The American Medical Association and 103 state and specialty medical societies have raised concerns about the penalty and are fighting to revise the policy. In a Dec. 9, 2010, letter to Dept. of Health and Human Services Secretary Kathleen Sebelius, they take issue with the timing. They say the Centers for Medicare & Medicaid Services had indicated that eligible physicians would not be able to get incentives from both the Medicare e-prescribing and Medicare EMR incentive programs simultaneously. Therefore, doctors should choose to take part in only one of these programs, the letter says.
Many doctors who have not yet purchased an e-prescribing or a limited EMR system have decided to forgo the e-prescribing incentives and invest in a comprehensive EMR, the organizations say. But CMS changed its policy at the eleventh hour with the November 2010 publication of its 2011 final fee schedule rule, the letter states. The sudden change doesn't allow enough time to educate doctors on the need to take part in the 2011 e-prescribing incentive program to avoid penalties in 2012 and 2013.
The major last-minute policy change will compel doctors to spend additional time and money to implement and use e-prescribing software and applications that most will discard when they move to a complete EMR.

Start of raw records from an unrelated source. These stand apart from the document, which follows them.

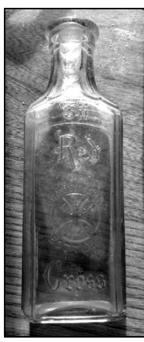
Figure 5 – Red Cross 1

Several eBay auctions showed that there were variations in the bottles. On some, the side as well as the base was marked with "Red Cross," although only the body marking used the full trade mark (Figure 5). Another variation had the trade mark embossed on the side just below the shoulder but not the base (Figure 6). A final variation was only marked on the base (Figure 7). All variations appear to be graduated on both sides of the center plate and were made with reinforced prescription finishes.
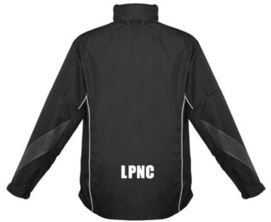
Zip Up Track Jacket Back - $50
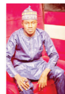
The victim before the incident
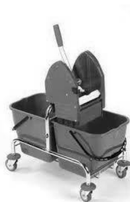
Double bucket cart
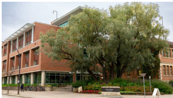
Arthur V. Mauro Residence Single room in two-bedroom suite with washroom; optional meal plan

Historically, the majority of exchange students have lived in Arthur V. Mauro.

The AMA and the organizations strongly oppose basing the 2012 and 2013 e-prescribing penalties on activity that occurs during 2011. At the very least, they say, CMS should extend the reporting period from June 30 to Oct. 31 -- an extra four months -- to avoid penalties. In addition, the agency should add more exception categories for health professionals, allowing physicians who meet meaningful use criteria in 2011 or 2012 to be exempt from e-prescribing penalties.
The decision to move forward with an EMR can be complicated and costly. Physicians who took the time to make a prudent choice should not be penalized or forced into a wasteful, short-term solution.